Work item: Every line from the one with "Generic shoulder strap." through the last line below should be repeated exactly; pictures stay out of the copy.

Recorded information:
★ ★ ★
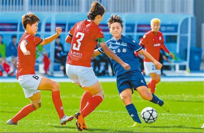 8月23日,武漢車都江大隊(duì)球員王霜(左三)在比賽中射門。新華社記者 江文耀攝
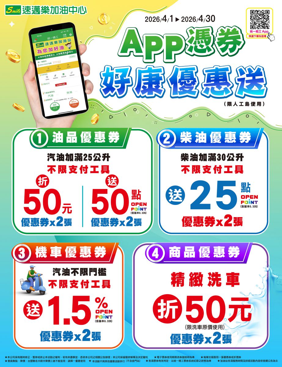 ❶ 汽油單筆加滿 25 公升,出示並掃碼統一精工會員 APP 降價優惠券,享折扣50元。
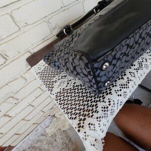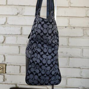 C520 11"x9"x3" The Coach No. D1226-19915 New York Legacy Signature Stripe Candace Carryall Handbag is a stylish and versatile accessory for women. This medium-sized tote bag features a classic rectangular shape with a black exterior, denim fabric, and leather handles. The bag includes a zipper closure, three inside pockets, and one outside pocket, making it perfect for everyday use or various occasions such as travel, parties, casual outings, or workwear. The black hardware accents with fringe and tassel details add a touch of sophistication to this designer piece from Coach's Legacy collection. With a timeless striped pattern and signature logo, this handbag is a must-have for any fashion-forward woman. Generic shoulder strap.
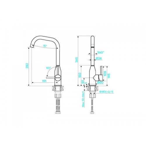 Высота излива: 282 мм
★ ★ ★
Output for this exercise:
 C520 11"x9"x3" The Coach No. D1226-19915 New York Legacy Signature Stripe Candace Carryall Handbag is a stylish and versatile accessory for women. This medium-sized tote bag features a classic rectangular shape with a black exterior, denim fabric, and leather handles. The bag includes a zipper closure, three inside pockets, and one outside pocket, making it perfect for everyday use or various occasions such as travel, parties, casual outings, or workwear. The black hardware accents with fringe and tassel details add a touch of sophistication to this designer piece from Coach's Legacy collection. With a timeless striped pattern and signature logo, this handbag is a must-have for any fashion-forward woman. Generic shoulder strap.
 Высота излива: 282 мм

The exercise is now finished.